Traditional Culture Encyclopedia - Traditional festivals - Where exactly is the border line between India and China
Where exactly is the border line between India and China
In various maps of the first half of the last century, including maps of India, the boundary between India and China roughly follows the line where the southern foothills of the Himalayas meet the plains on the north bank of the Brahmaputra River, and the area north of this traditional customary line has long been under the administrative jurisdiction of China. The drawing of the eastern section of the border in the "Administrative Map of India" published in 1905 corresponds to the Chinese map, and the eastern section of the Sino-Indian border in the Chinese map in the Encyclopaedia Britannica (14th ed.) of 1929 corresponds to the map published in China. The so-called "McMahon Line" pushed the "border" northward by about 100 kilometers, roughly along the Himalayan ridgeline, and assigned 90,000 square kilometers of land that had long belonged to China to British India. Historically, only customary boundaries have existed along the Sino-Indian border. Western Sector: the part of China's Xinjiang and Tibet bordering India's Ladakh region, mainly bounded by the Karakoram Mountains, with 33,000 square kilometers of disputed territory, mainly in China's Aksai Chin region. Of these, India occupies one site in the Parigas, the rest are controlled in the hands of China. The focus of the dispute is to the north of the Kungkha Pass, traditionally the lifeblood of transportation between Tibet's Ali and Xinjiang. 1959 saw the beginning of Indian incursions into this area.

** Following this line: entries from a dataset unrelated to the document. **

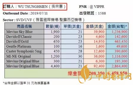 除此之外,黃國昌還貼出一張“訂購單”圖片,其中顯示“訂購”內(nèi)容為八種香煙,金額總計6458850元新臺幣,還標注了航班、日期、機場等信息,而“訂購人”一欄還清楚寫著“吳宗憲”的大名。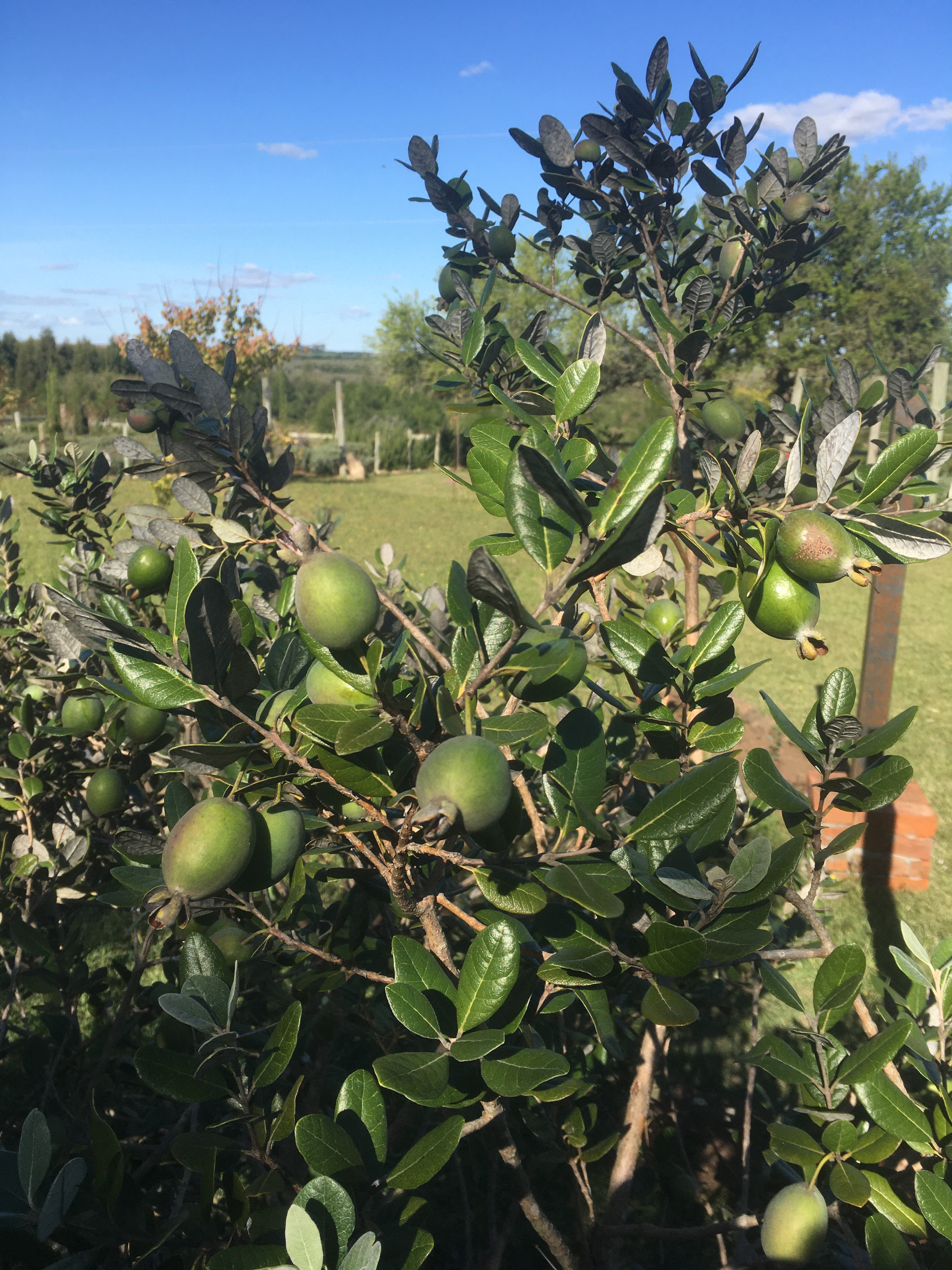 Guayabo ( sprich: gua schabo) nennt es sich und ist eine einheimische Guavenart. In einigen Gegenden, z. B. in den Urwäldern Brasiliens, wächst es wild. In Uruguay kommt der Busch langsam in Mode und wird gegenwärtig in den Gartenmärkten verkauft. Auch hier, wie bei den schon vorgestellten Arazá, haben wir es mit einer geballten Ladung von Vitaminen, Mineralstoffen und Antioxidanzien zu tun. Die einheimische Bevölkerung steht dem ganzen noch ziemlich skeptisch gegenüber. Getreu dem Motto: „Was der Bauer nicht kennt, frisst er nicht,“ bleiben die kleinen Früchte in den Obstläden liegen.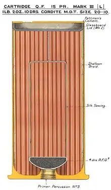 - In BL artillery terminology, cartridge referred to the propellant unit only - there was no case. British cartridges up to approximately 1892 contained gunpowder, and thereafter sticks of cordite bound up together with an igniter pad if necessary, in a cloth bag, usually silk. The "stick" nature of cordite gave the cartridges a degree of rigidity and hence they retained a tubular shape and could be handled and loaded as a solid unit even without a case. With BL, cordite is contained in one or more cloth bags joined together. The complete unit is termed a cartridge. The empty bag was termed an "empty cartridge".[7]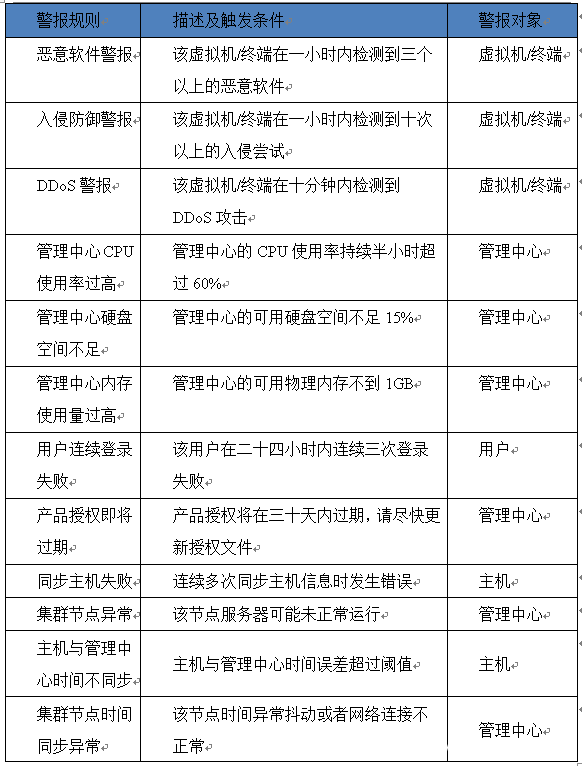 2、结合虚拟化安全防护系统对全网主机进行安全评估(包括弱口令检测、漏洞检测、病毒扫描、系统配置脆弱性检测等);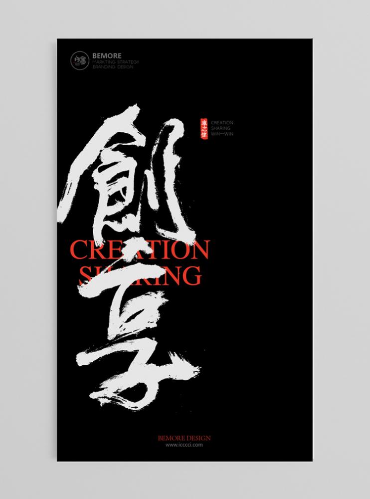 • 狂草的張力:像圖 4 “創享” 海報,飛白的筆觸、大開大合的結構,將 “創享的熱烈” 直接通過線條的動感傳遞,黑底白字的對比更放大了這種酣暢感;
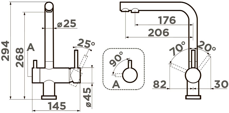 • Подводка: гибкая, в оплетке из нержавеющей стали.

Central Sector: Tibet borders India's Punjab and other areas. 2100 square kilometers of disputed territory, divided into 4 places, all occupied by India. 1954 India began to invade this area. Eastern Sector: Tibet shares a border with the Indian state of Aslam, with 90,000 square kilometers of disputed territory, all of which is occupied by India. East of Bhutan and west of Burma is the most disputed section of the border; a Sino-British conference on Tibet was held in Silam in 1914, after which the British representative, Henry McMahon, secretly met with Tibetan representatives. McMahon and Tibetan representatives secretly drew an illegal line on the Sino-Indian border east of Bhutan. After World War II, India began to cross the traditional customary boundaries of China at the southern foot of the Himalayas to reach the northern part of the area, and in 1954, it completely occupied the Chinese territory south of the McMahon Line.